La NASA ya discutió escenario de falla catastrófica en reuniones internas
Aunque la agencia dice que no hay peligro inmediato, el problema se trata con seriedad creciente. De acuerdo con relatos citados por el material original, la fuga entró en la lista de los desafíos de mayor riesgo de la estación, con discusiones internas incluso sobre la posibilidad de una falla catastrófica en caso de empeoramiento rápido.
Si la presión cae a un nivel peligroso, el plan prevé reparaciones temporales, aislamiento del área dañada y, en el peor escenario, evacuación de la tripulación a la Tierra en las cápsulas ya acopladas al laboratorio orbital.
El caso reaviva la presión sobre el futuro de la estación espacial
El episodio también vuelve a poner en evidencia la edad de la Estación Espacial Internacional, que ya vive la recta final de su vida útil planificada. La jubilación está prevista para 2030, con reentrada controlada sobre el Pacífico Sur usando un vehículo de descarte de SpaceX.

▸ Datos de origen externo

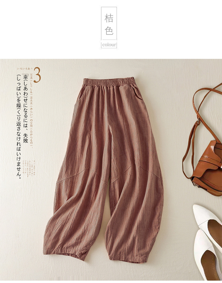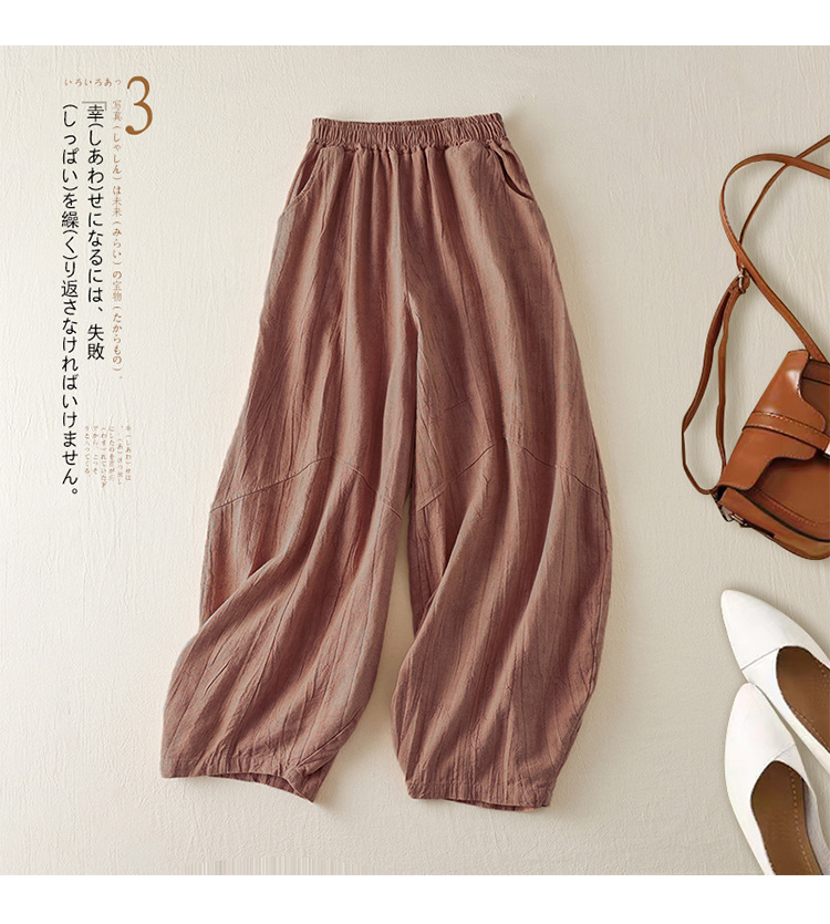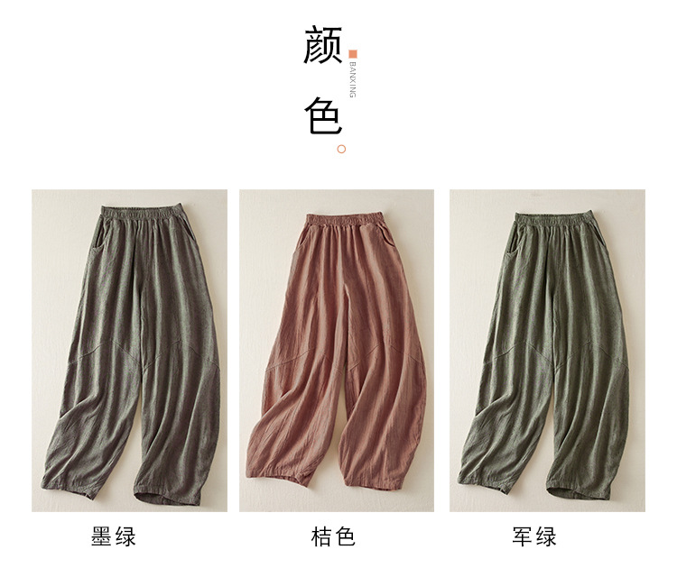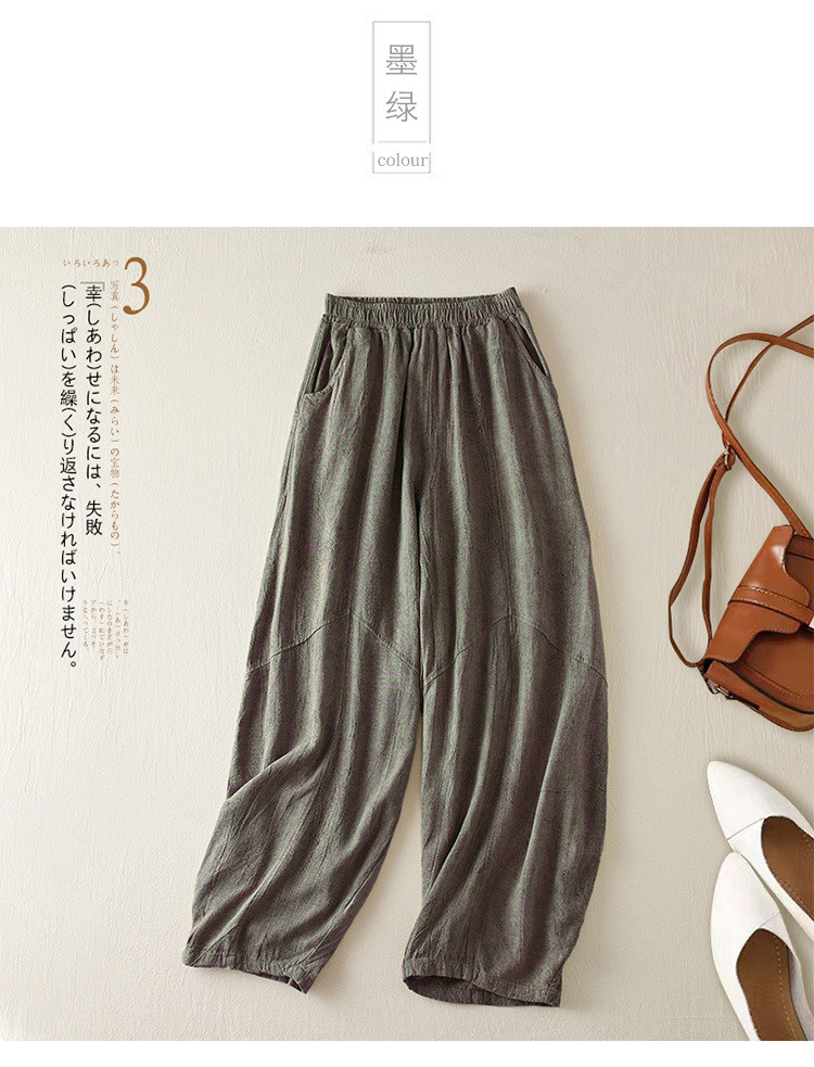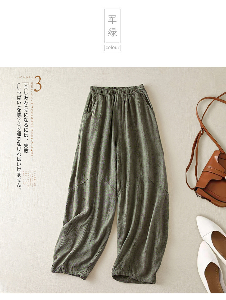 Real shot 2024 summer thin cotton and linen retro bloomers casual loose zen straight radish trousers women

Aun así, la NASA y el Congreso de los Estados Unidos aún discuten la posibilidad de extender la operación hasta 2032 o más, mientras los sustitutos comerciales no estén listos. En ese escenario, cualquier falla estructural gana peso extra, porque afecta no solo la seguridad de la tripulación, sino también el calendario de transición de la estación.
Por ahora, la agencia intenta ganar tiempo con monitoreo, presión reducida y reparaciones puntuales. Pero la nueva fuga muestra que el problema está lejos de ser un recuerdo del pasado. Si sigues la misión espacial, vale la pena seguir de cerca los próximos pasos de esta investigación.